::: Given data :::
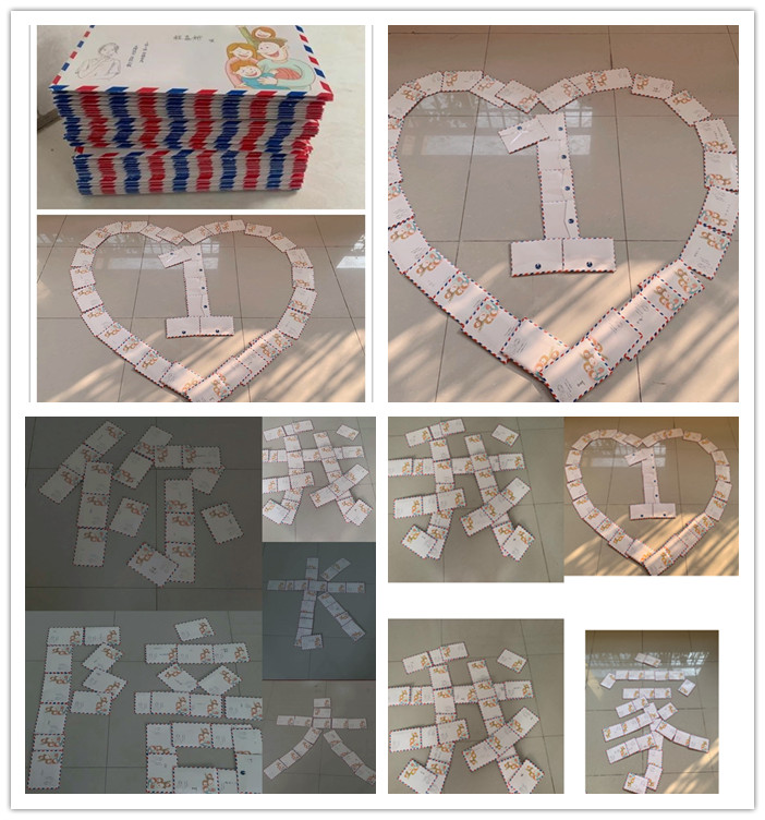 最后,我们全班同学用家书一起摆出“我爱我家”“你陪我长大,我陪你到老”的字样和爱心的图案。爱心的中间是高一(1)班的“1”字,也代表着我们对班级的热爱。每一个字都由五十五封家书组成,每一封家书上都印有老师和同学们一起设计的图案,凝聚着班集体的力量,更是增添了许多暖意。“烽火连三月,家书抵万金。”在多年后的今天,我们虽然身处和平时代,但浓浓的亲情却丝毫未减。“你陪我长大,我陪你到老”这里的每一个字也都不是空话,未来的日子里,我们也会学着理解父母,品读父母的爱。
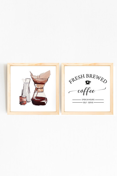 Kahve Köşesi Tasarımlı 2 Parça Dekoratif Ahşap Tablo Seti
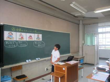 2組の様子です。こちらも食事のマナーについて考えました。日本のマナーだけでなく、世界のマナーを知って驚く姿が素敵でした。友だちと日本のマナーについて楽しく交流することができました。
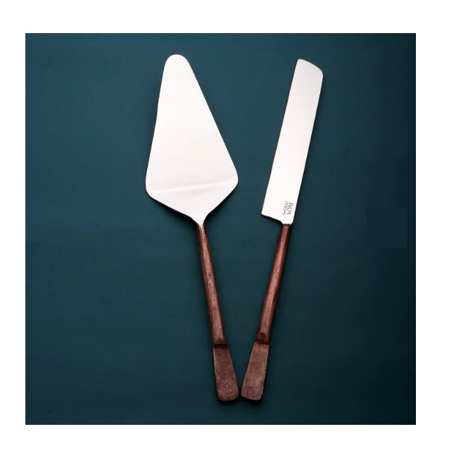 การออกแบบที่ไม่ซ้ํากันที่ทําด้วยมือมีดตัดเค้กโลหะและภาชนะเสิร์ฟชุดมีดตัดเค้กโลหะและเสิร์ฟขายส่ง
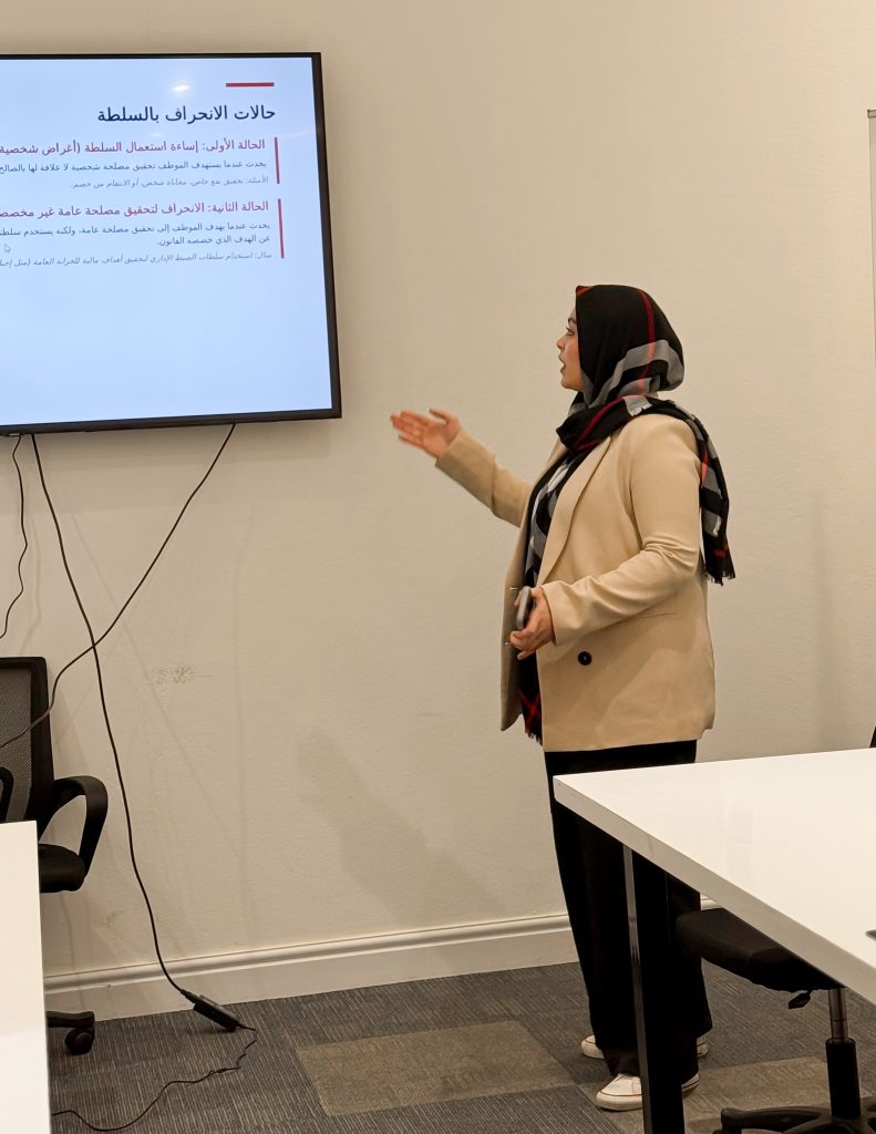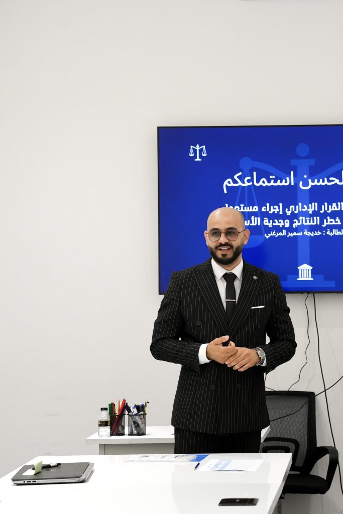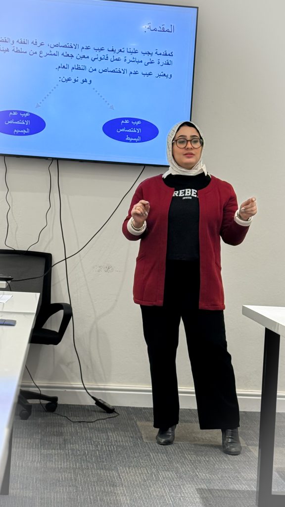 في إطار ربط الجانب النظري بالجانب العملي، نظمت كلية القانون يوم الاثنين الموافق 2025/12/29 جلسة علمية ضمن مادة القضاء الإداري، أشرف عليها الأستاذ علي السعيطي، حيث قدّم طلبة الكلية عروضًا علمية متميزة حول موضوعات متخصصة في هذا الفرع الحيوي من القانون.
:::
» Exercise goal: Please copy the data shown above word for word, omitting the pictures.

» Task output:
 最后,我们全班同学用家书一起摆出“我爱我家”“你陪我长大,我陪你到老”的字样和爱心的图案。爱心的中间是高一(1)班的“1”字,也代表着我们对班级的热爱。每一个字都由五十五封家书组成,每一封家书上都印有老师和同学们一起设计的图案,凝聚着班集体的力量,更是增添了许多暖意。“烽火连三月,家书抵万金。”在多年后的今天,我们虽然身处和平时代,但浓浓的亲情却丝毫未减。“你陪我长大,我陪你到老”这里的每一个字也都不是空话,未来的日子里,我们也会学着理解父母,品读父母的爱。
 Kahve Köşesi Tasarımlı 2 Parça Dekoratif Ahşap Tablo Seti
 2組の様子です。こちらも食事のマナーについて考えました。日本のマナーだけでなく、世界のマナーを知って驚く姿が素敵でした。友だちと日本のマナーについて楽しく交流することができました。
 การออกแบบที่ไม่ซ้ํากันที่ทําด้วยมือมีดตัดเค้กโลหะและภาชนะเสิร์ฟชุดมีดตัดเค้กโลหะและเสิร์ฟขายส่ง
 في إطار ربط الجانب النظري بالجانب العملي، نظمت كلية القانون يوم الاثنين الموافق 2025/12/29 جلسة علمية ضمن مادة القضاء الإداري، أشرف عليها الأستاذ علي السعيطي، حيث قدّم طلبة الكلية عروضًا علمية متميزة حول موضوعات متخصصة في هذا الفرع الحيوي من القانون.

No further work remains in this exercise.